本連載では、新しい領域にチャレンジする中小製造業の“いま”を紹介していきます。今回は、富山県高岡市にある「漆芸吉川」の蒔絵師で、高岡伝統産業青年会 第46代会長の吉川和行さんを取材しました。
本連載はパブリカが運営するWebメディア「ものづくり新聞」に掲載された記事を、一部編集した上で転載するものです。
ものづくり新聞は全国の中小製造業で働く人に注目し、その魅力を発信する記事を制作しています。伝統を受け継ぎつつ、新しい領域にチャレンジする中小製造業の“いま”を紹介していきます。
富山県高岡市は、高岡漆器、高岡銅器、高岡仏壇などの産地として有名で、市内には複数の工房が集まっています。そしてこの高岡の伝統産業を支えるキーとなる団体が「高岡伝統産業青年会」です。
高岡伝統産業青年会(通称高岡伝産、以下、伝産)は、高岡市の職人や問屋が集まる団体で、2023年に創設50周年を迎えました。もともとは地元の職人がメインの集まりでしたが、職人の人柄や技術力に魅力を感じた人が他の街から移住して参加したり、地元の人が自分の専門分野で活動してくれたりという動きもあり、近年ではメンバーの顔ぶれも多彩になりました。在籍を一定の年齢で区切る卒会制度があり、40歳までの人だけが参加できます。高岡の熱い若手が集まる団体です。

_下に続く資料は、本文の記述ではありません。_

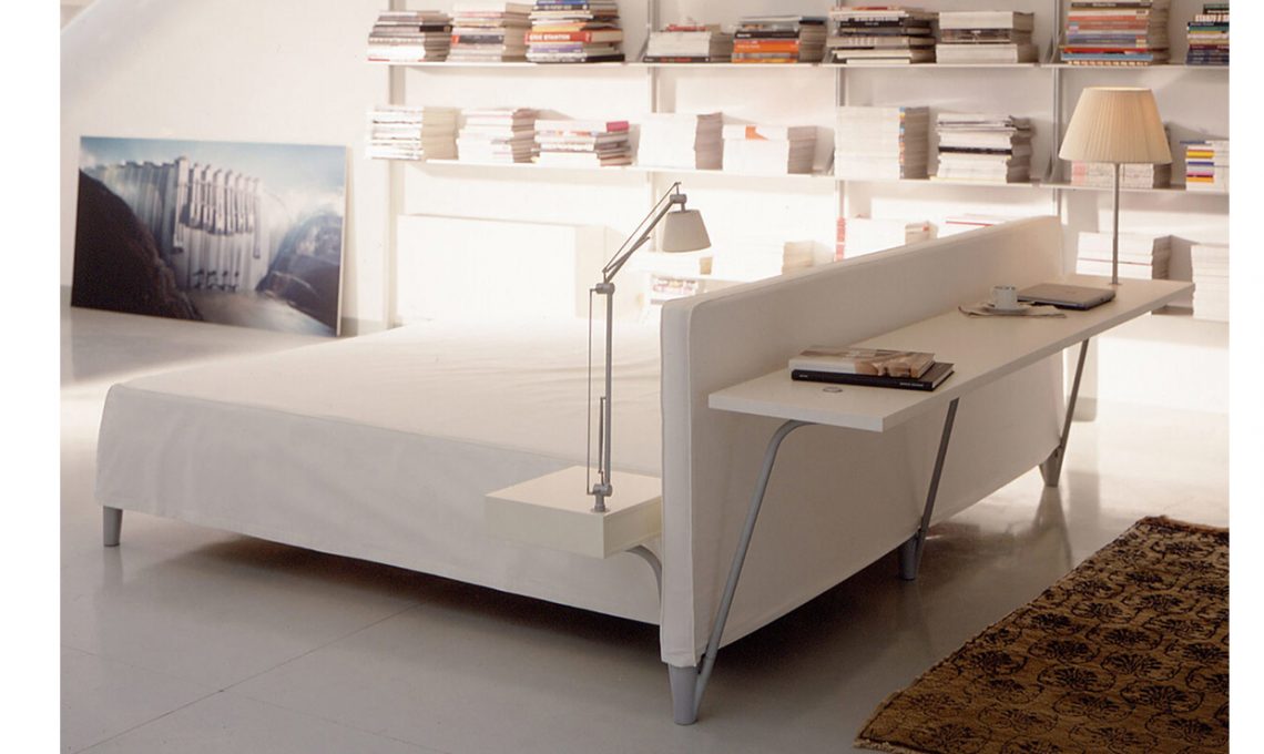 C'è per esempio Twils che ha disegnato una testiera capace di integrare una barra appendiabiti che la rende una piccola cabina armadio! Giessegi e Lago hanno lavorato sul concetto di contenitore per libri e piccoli oggetti creando testiere con porta-riviste e ripiani di appoggio. Mentre Désirée ha reso la testiera flessibile: si piega in modo da creare dei comodi poggiatesta.
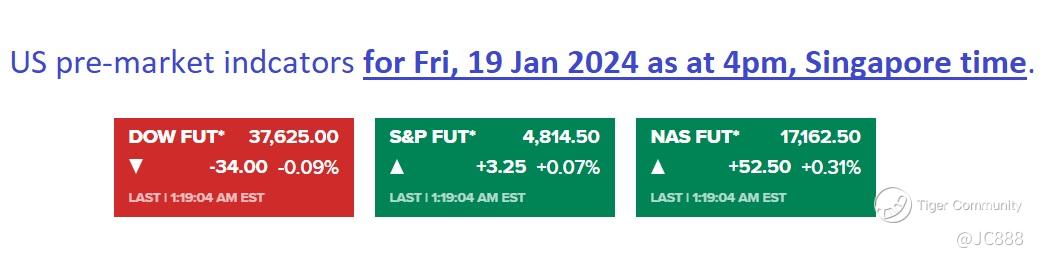 Looking ahead at pre-market indicators for Fri, 19 Jan 2024 trading (see above), for now it seems like Dow will take a marginal hit while both S&P 500 and Tech indexes will continue to improve further.
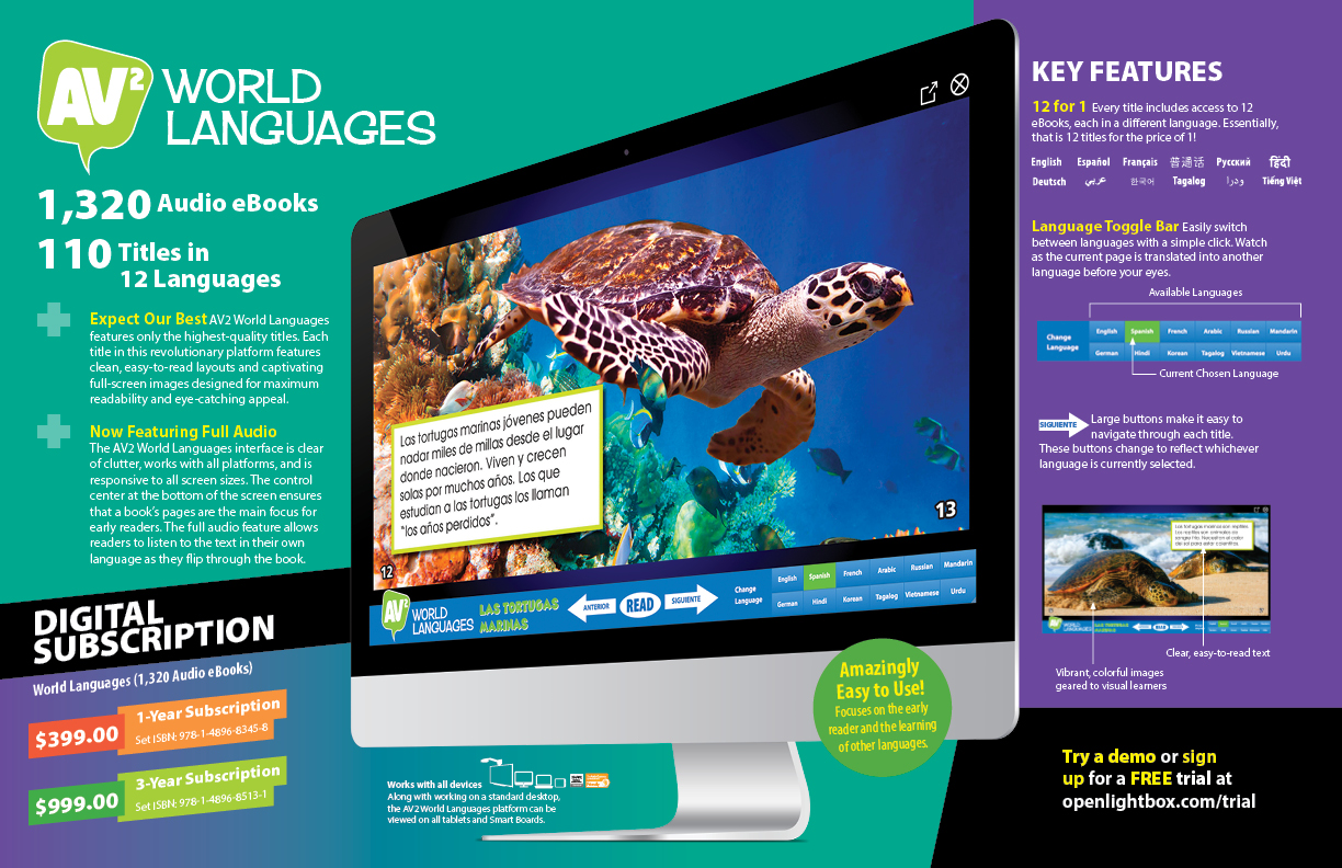 AV2 World Languages features only the highest-quality K-2 titles. Each title in this revolutionary platform features clean, easy-to-read layouts and captivating full-screen images designed for maximum readability and eye-catching appeal. Every World Languages title is available in 12 different languages, with additional titles being added every year. Users can easily switch between languages with a simple click to get a bilingual experience.

彼らが本業を続けながら同時に伝産での活動に命を燃やすのは、高岡の伝統産業を、高岡という街を、モノづくりの産地としてさらに盛り上げるため。しかし、業界の縮小や安価な外国産商品の流入により、その高い技術力を生かせる場が減ってきています。この現状を打破するには、これまでの受注中心のモノづくりだけではなく、新たな販路開拓や技術開発などのアクションを起こさなければなりません。日々、目の前の仕事をこなすだけではなく、家業や伝統産業、街のことを長期的な視点で考える熱い人が、伝産にはいます。

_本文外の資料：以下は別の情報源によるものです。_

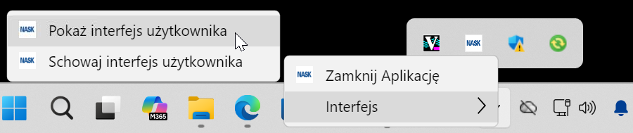 Poprzez wybór prawym przyciskiem myszy ikony aplikacji NASK Desk, a następnie wybór pozycji Interfejs > Pokaż interfejs użytkownika
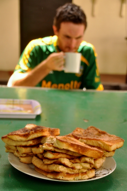 Ergens rondom een kruispunt hebben we het geluk een Chop Shop te vinden die zowel koffie met melk en brood met omeletten serveert, ideaal want we zijn opgestaan om half 6, vertrokken om 6.15 scherp, na een nacht niet voorafgaande aan avondeten. Hier zit een jongen waarmee we in een kort gesprekje raken: ‘People in Africa are starving,’ zegt hij. ‘Oh,’ denk ik, wetende dat hij een verpleger is, vraag ik het volgende: ‘You are a nurse. Then tell me, how many people with diabetes you have in your hospital?’ De jongen die zegt dat mensen in zijn land dood gaan aan honger antwoord: ‘Oh, many!’ en Oliver vraagt daarop hoeveel mensen er sterven aan honger in zijn ziekenhuis. Zijn reactie laat geen seconde wachten: ‘None.’
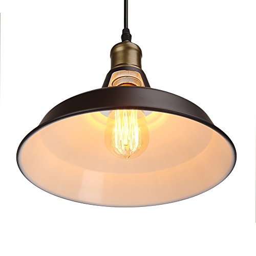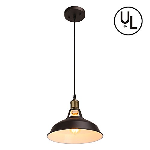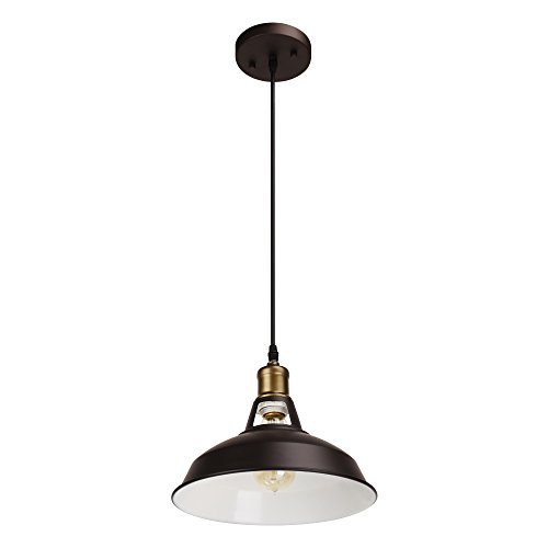 Barn Pendant Light Hanging Light Fixture, Housen Solutions 1-Light Industrial Iron Pendant Lamp Shade, UL Listed, Painted Brown Ceiling Light for Kitchen Bars Dining Room

今回は高岡市の漆芸吉川の蒔絵(まきえ)師であり、高岡伝統産業青年会 第46代会長の吉川和行(よしかわ かずゆき)さんにお話を伺いました。
※MONOist編集部注:以下、吉川さんのお話のみで構成
吉川和行
1985年生まれ、富山県高岡市出身。2014年から漆芸吉川で3代目の蒔絵師として漆器の製造を行う。伝産加入は2016年。現在は伝産の第46代会長として、蒔絵師として多忙の日々を送っているが、一児の父として愛娘に会うため、なるべく早く帰宅したいと日頃からスピード感のある行動を心がけている。スマホの待ち受け画面はもちろん愛娘の写真。